[[ Recorded information, beginning ]]
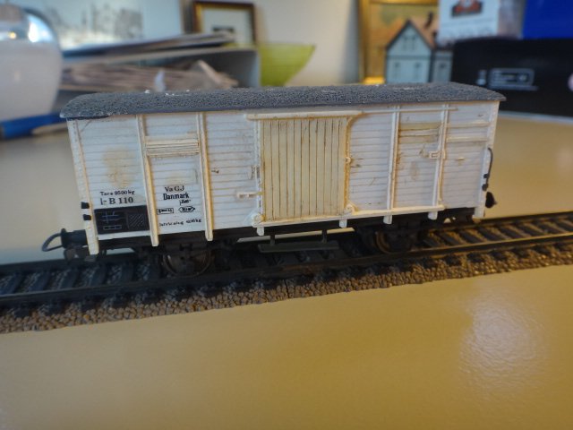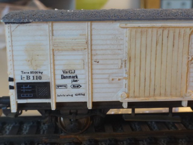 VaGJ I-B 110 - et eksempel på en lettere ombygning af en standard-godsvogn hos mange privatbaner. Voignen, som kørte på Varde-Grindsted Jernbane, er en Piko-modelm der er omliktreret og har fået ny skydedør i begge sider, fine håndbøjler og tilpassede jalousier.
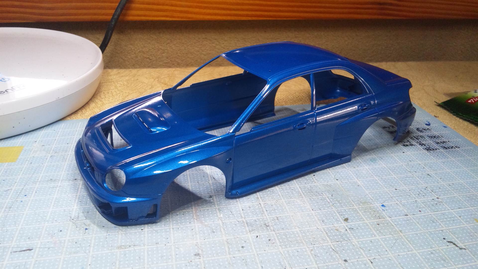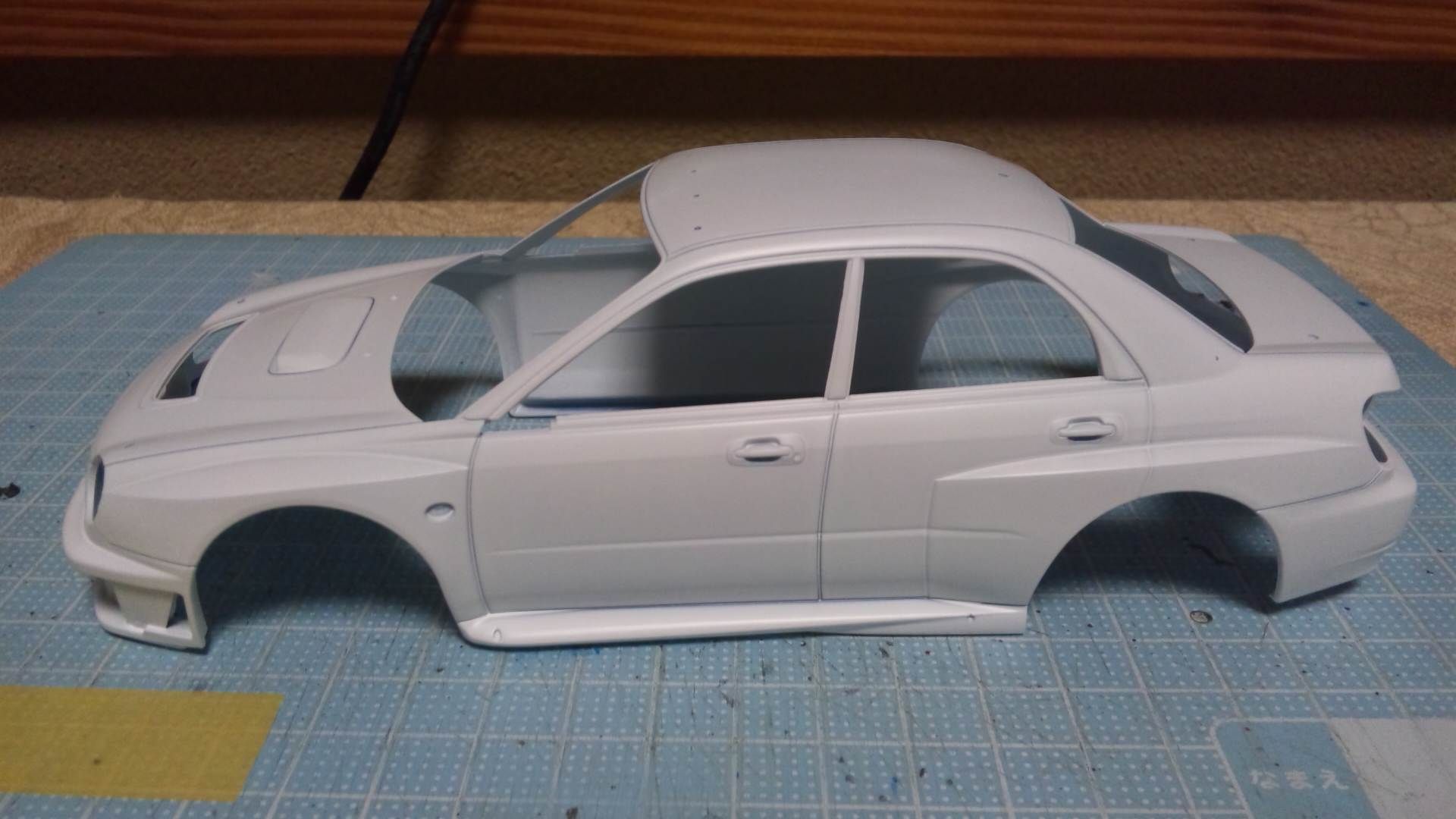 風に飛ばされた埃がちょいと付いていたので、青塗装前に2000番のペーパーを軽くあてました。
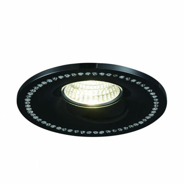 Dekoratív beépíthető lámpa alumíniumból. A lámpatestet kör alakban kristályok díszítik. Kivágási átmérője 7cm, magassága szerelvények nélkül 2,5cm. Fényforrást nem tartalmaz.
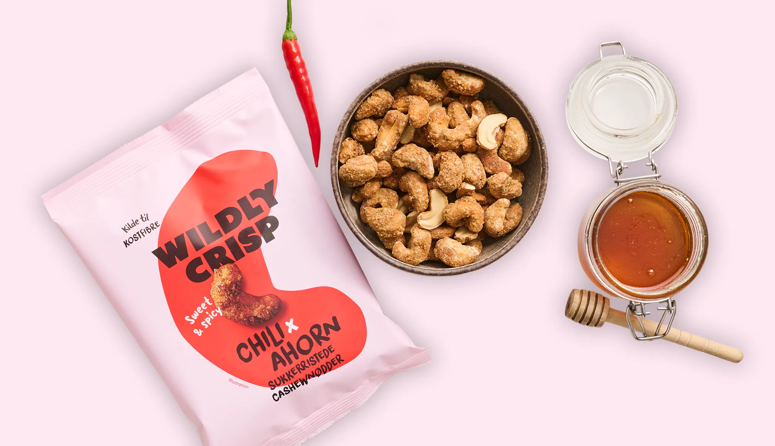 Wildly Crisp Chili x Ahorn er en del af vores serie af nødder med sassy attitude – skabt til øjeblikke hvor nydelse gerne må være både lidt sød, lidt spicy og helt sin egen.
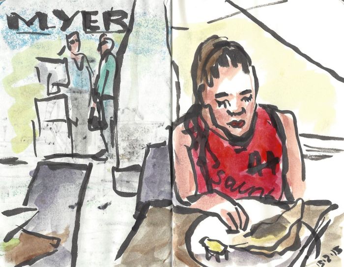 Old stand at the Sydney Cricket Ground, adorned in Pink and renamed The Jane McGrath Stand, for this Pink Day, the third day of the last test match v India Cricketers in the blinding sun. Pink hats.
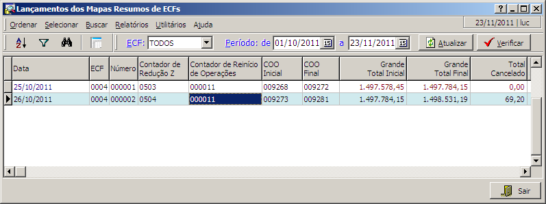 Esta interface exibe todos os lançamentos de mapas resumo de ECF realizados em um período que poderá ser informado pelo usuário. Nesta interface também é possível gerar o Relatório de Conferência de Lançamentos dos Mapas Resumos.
[[ Recorded information, end ]]
→ Problem: What you return must be every entry, word for word, without any pictures.

→ The answer:
 VaGJ I-B 110 - et eksempel på en lettere ombygning af en standard-godsvogn hos mange privatbaner. Voignen, som kørte på Varde-Grindsted Jernbane, er en Piko-modelm der er omliktreret og har fået ny skydedør i begge sider, fine håndbøjler og tilpassede jalousier.
 風に飛ばされた埃がちょいと付いていたので、青塗装前に2000番のペーパーを軽くあてました。
 Dekoratív beépíthető lámpa alumíniumból. A lámpatestet kör alakban kristályok díszítik. Kivágási átmérője 7cm, magassága szerelvények nélkül 2,5cm. Fényforrást nem tartalmaz.
 Wildly Crisp Chili x Ahorn er en del af vores serie af nødder med sassy attitude – skabt til øjeblikke hvor nydelse gerne må være både lidt sød, lidt spicy og helt sin egen.
 Old stand at the Sydney Cricket Ground, adorned in Pink and renamed The Jane McGrath Stand, for this Pink Day, the third day of the last test match v India Cricketers in the blinding sun. Pink hats.
 Esta interface exibe todos os lançamentos de mapas resumo de ECF realizados em um período que poderá ser informado pelo usuário. Nesta interface também é possível gerar o Relatório de Conferência de Lançamentos dos Mapas Resumos.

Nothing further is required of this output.